The de Boer Lab at SBME aims to solve the complex problem of determining when, where, and how genes will be expressed based solely on their DNA sequence. Dr. Carl de Boer and Abdul Muntakim Rafi recently led a global effort to advance computational models that predict gene expression based on short regulatory DNA sequences. The effort was featured in Nature Biotechnology.
In recent years, scientists (including those in the de Boer Lab) created technology for measuring the expression activity of DNA sequences in a controlled context, which produces ideal data using machine learning to learn sequence-expression logic. However, the general trend in the field has been to develop new models for new datasets, making it unclear whether a model’s improved performance is due to a better architecture or simply superior training data. The lack of proper benchmarking means that models aren’t directly comparable to each other.

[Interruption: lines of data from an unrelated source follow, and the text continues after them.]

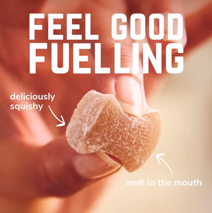 Velofortes banbrytande sortiment av härligt mjuka naturliga Energy Chews är handgjorda med äkta frukt, naturliga elektrolyter och fulla av snabbfrigörande energi när du verkligen behöver den. 4 olika smaker inklusive äpple och kanel, citrus, körsbär och mynta. Prova sortimentet och hitta din favorit!
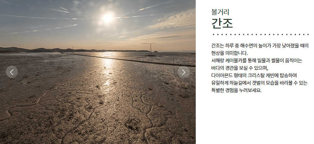 두 번째로 안내해 드릴 곳은 제부도 워터워크입니다. 밤이 되면 조명이 켜져서 인증샷남기기에도 소문난 장소입니다. 워낙 위치가 좋아서 똥손도 화려한 연출샷이 가능하다고 합니다. 하루 두 번씩 바닷물이 갈라지는 물길의 시작점부터 바다 위 44m 길이로 설치된 구조물이고, 밀물 때는 바다 위를 산책하는 기분으로 물의 흐름을 감상할 수 있고, 썰물 땐 드러나는 갯벌과 함께 제부도 전체 풍경을 조망할 수 있는 플랫폼으로 디자인되었다고 합니다.
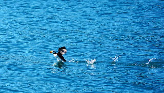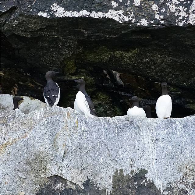 Coomon Murre(崖海鸦),看起来好呆萌。这种海鸟可以下潜至水下195米处。他们多数时候是在水上度过的,只有要养育后代才来到悬崖上安家。高尔基是这样说的,在乌云和大海之间,海燕像黑色的闪电高傲地飞翔。没办法有的鸟儿飞的太快,三亿像素点的人眼能够看见,可是却照不下来,只有等你来亲自体验这些一色海天间美丽生灵。
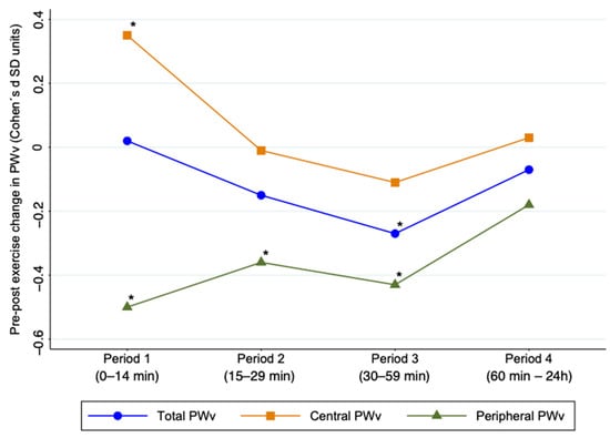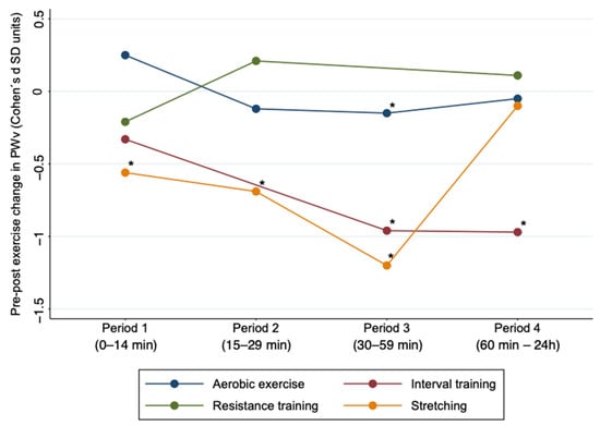 Acute effect of different types of exercise on pulse wave velocity by time period after exercise. PWv: pulse wave velocity; SD: standard deviation. * Values p < 0.05 were considered significant.
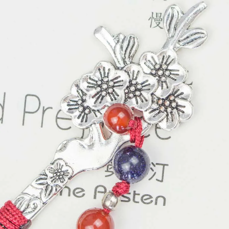 1PC Chinese Style Retro Metal Bookmark with Tassel Creative Plum Bossom Book Mark Students Stationery School Office Supply Gifts
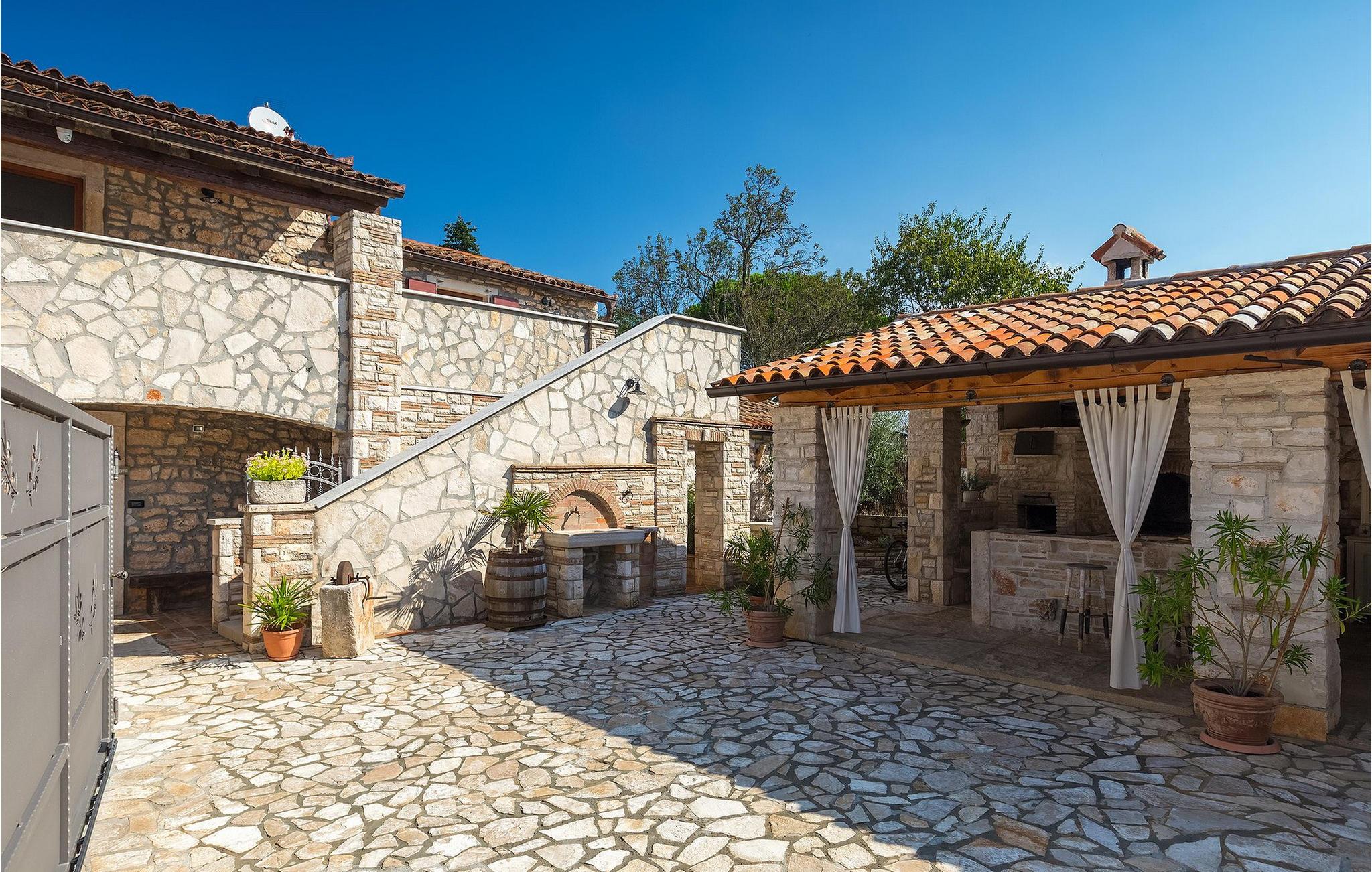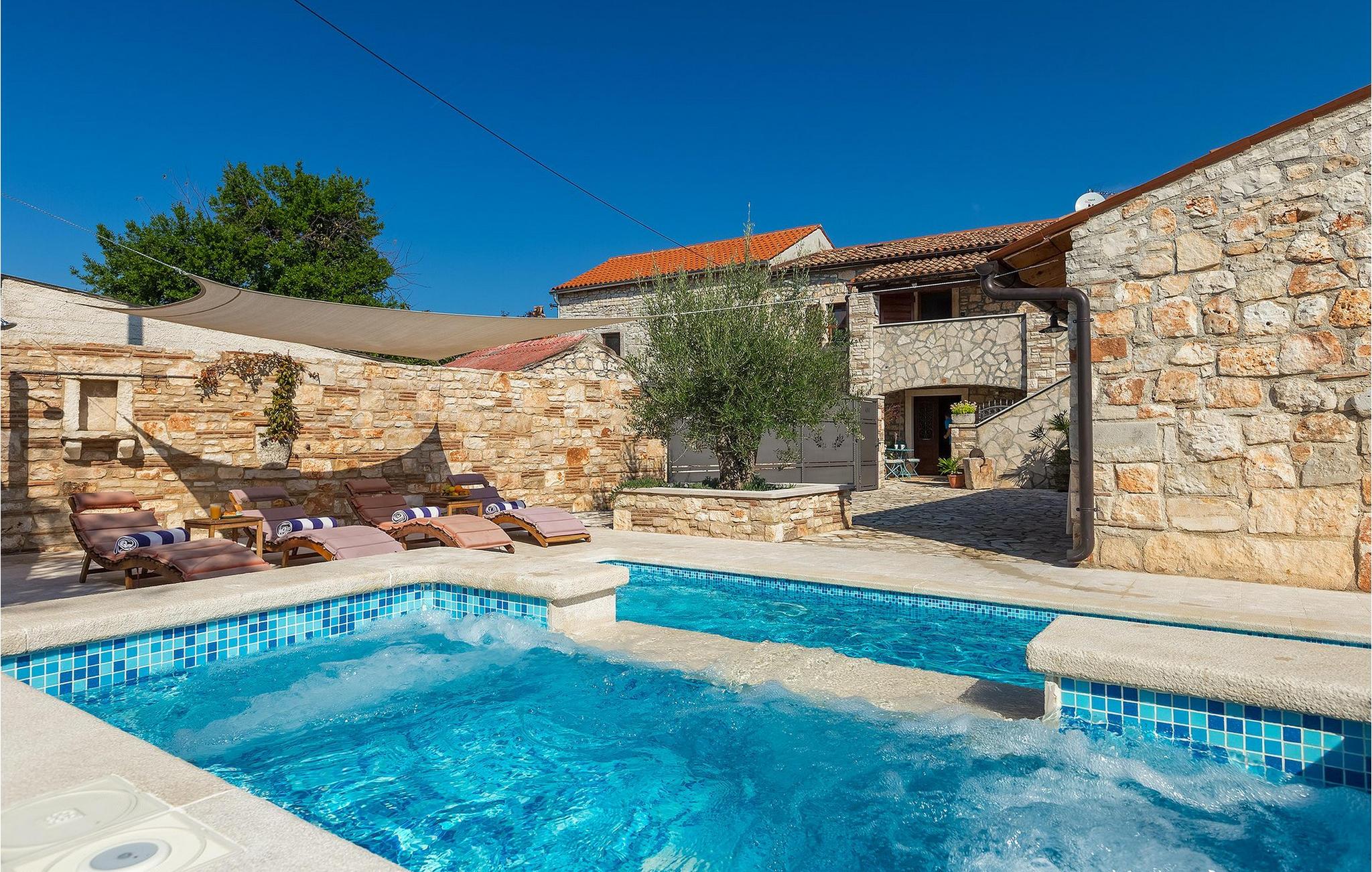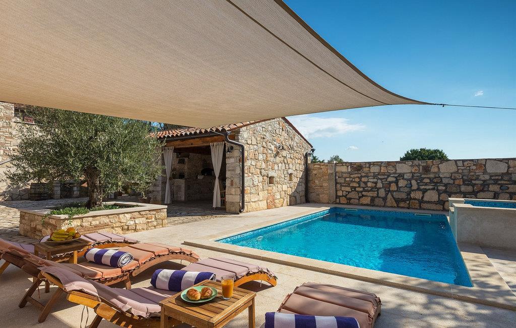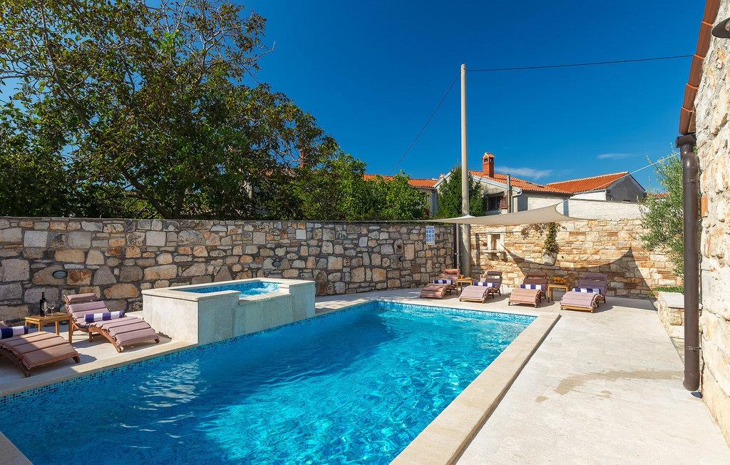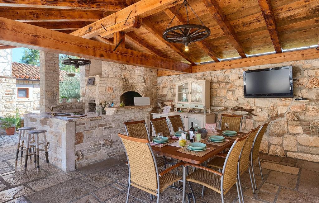 Villa har en dejlig have med pool og tilhørende hydromassagekar, hyggelige liggestole, udendørs køkken og udendørs spiseplads. Her er til rådighed en kulgrill og traditionel brændeovn. Dette er et perfekt sted at tilberede lækre måltider til din familie og at blive fortrolig med istrisk flair.
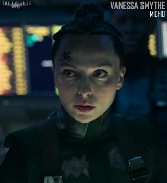 In "Ankawala", Micio informs Josep that Camina has kept many video messages from Naomi on her hand terminal and no messages from their family, proving that she cares more about Naomi than the rest of them. Michio does tell him she put back the hand terminal but Josep then tells her everyone has their own perosnal things they are torn on. Michio is then conforted by Josep over her soon to be departure.
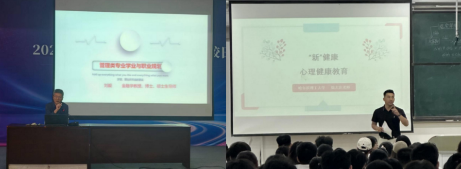 9月12日,学院进一步聚焦新生发展规划和心理适应。学院教师刘毅教授在南区图书馆报告厅开展“职业规划教育”,结合经管类专业特点,通过职业兴趣测评、典型职业路径分析和规划工具使用讲解,引导学生明确发展方向,制定可行行动计划,帮助新生明确职业发展路径,赋能专业成长。赵旋和徐大庆老师分场地开展“新健康·心理健康教育”,围绕大学常见心理适应问题、压力应对策略、积极心态培养和人际交往技巧等内容,通过案例分析和互动练习,帮助学生掌握心理调适方法,增强心理韧性和自我管理能力。
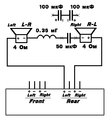Тут вот случайно наткнулся на прикольную схему включения тыловых динамиков - выделение разностного сигнала из двух стереоканалов (схема Хаффлера):

To address this issue, the team set out to design a gold-standard dataset for sequence-expression models. They measured the expression of millions of randomly generated promoter DNA sequences in yeast and designed a set of sequences that would test the models’ performances in different way and tested their ability to predict differences in expression for sequences when a sequence is mutated. This is a critical challenge for the field as these kinds of mutations are important in many diseases.
Following the creation of this dataset, the team organized the Random Promoter DREAM Challenge, bringing together over 300 researchers from academia and industry around the world. The team collaborated with Google TPU Research Cloud to provide computational resources to all participants, ensuring an equitable competition for everyone involved. Participants competed for dominance on a leaderboard over the course of the summer in 2022 and, at the end, submitted their best models.
After the challenge, the team’s primary goal was to systematically evaluate how different neural network architectures and training strategies affect the performance of genomics models. They developed a framework called ‘Prix Fixe’. Just like a prix fixe menu, they were able to make models by selecting one of each module type from the top-performing submissions. By systematically testing all combinations of these components, the team identified which architectural and training choices were best and made even better models. The models outperformed existing benchmarks on Drosophila and human genomic datasets. This demonstrated the models’ robustness and generalizability across different organisms.
This community effort was able to create high-quality, gold-standard datasets that are driving progress in genomics and significantly advanced the understanding of how to design effective neural network models for gene regulation. The competition brought to light the potential of collaborative challenges to accelerate scientific discovery.